Here what is important is that we put them both into the same vecotr space. Here we initialized the dimentions into 256 where the vectors are projected into.

The loss we use is contrastive loss:

import torch.nn.functional as F

def contrastive_loss(aud_emb, txt_emb, margin=0.2):
    """
    aud_emb: (B_audio, D)
    txt_emb: (B_audio * S, D) where each of the B_audio audios has S captions
    """
    B_audio, D = aud_emb.shape
    B_text, _ = txt_emb.shape
    assert B_text % B_audio == 0, "txt_emb must be a multiple of aud_emb in length"
    S = B_text // B_audio

    # 1) repeat each audio embedding S times -> shape (B_audio*S, D)
    aud_rep = aud_emb.unsqueeze(1).expand(-1, S, -1).reshape(-1, D)

    # 2) cosine‐sim matrix now square (B_audio*S)×(B_audio*S)
    sims = aud_rep @ txt_emb.t()  # (B_audio*S, B_audio*S)

    # 3) positives on the diagonal
    pos = sims.diag().unsqueeze(1)  # (B_audio*S, 1)

    # 4) hinge‐loss: max(0, margin + sims - pos)
    loss = F.relu(margin + sims - pos)

    # 5) zero out the diagonal so we don’t hinge on the true positives themselves
    loss.fill_diagonal_(0)

    # 6) final scalar
    return loss.mean()

After we train the model, we can now using the model generate the embeddings:

dataset = AudioDataset(test_audios_df)

all_aud, all_txt = [], []

with torch.no_grad():
    for i, item in enumerate(dataset):
        
        print(f"Processing {i+1}/{len(dataset)}")
        
        wavs = item.audio
        caps = item.captions
        
        wavs = wavs.to(device)
        aud_emb, txt_emb = model(wavs, caps)

        all_aud.append(aud_emb.detach().cpu())
        all_txt.append(txt_emb.detach().cpu())

aud_mat = torch.cat(all_aud)
txt_mat = torch.cat(all_txt)

torch.save(aud_mat, "audio.pt")
torch.save(txt_mat, "text.pt")

After that we can take the computed embeddings and then calculate how well the model performed. To do so you can use the Recall@K metric. This just tracks how often the correct audio is in the first K samples.

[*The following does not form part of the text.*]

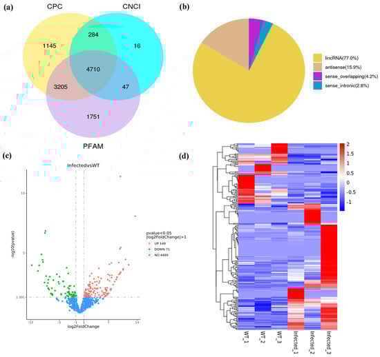 Figure 2. The lncRNAs characteristics analysis in the RKN-infected and WT. (a) The Venn diagram shows three types of software working together to identify the lncRNAs, (b) Proportion statistics of four kinds of lncRNAs, (c) Volcano plot of all DElncRNAs, (d) Heat map of all DElncRNAs.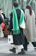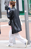 ブーツ×足首丈のアンクルパンツは女性で多く見られたが、厚底ブ...

ground_truth = create_caption_clip_mapping(test_audios_df)

aud = torch.load("audio.pt")
txt = torch.load("text.pt")
aud = torch.nn.functional.normalize(aud, dim=-1)
txt = torch.nn.functional.normalize(txt, dim=-1)

sim = txt @ aud.T

print(f"Audios shape: {aud.shape}, Text shape: {txt.shape}")
print("Similarity shape: ", sim.shape)


K = 1
vals, idxs = sim.topk(K, dim=1)
print("Top K indices shape: ", idxs.shape)


hits = (idxs == ground_truth.unsqueeze(1)).any(dim=1)

recall_at_k = hits.float().mean().item()
print(f"Recall@{K}: {recall_at_k:.3f}")

And that's kinda it. A very basic overview of how language based audio retrieval works.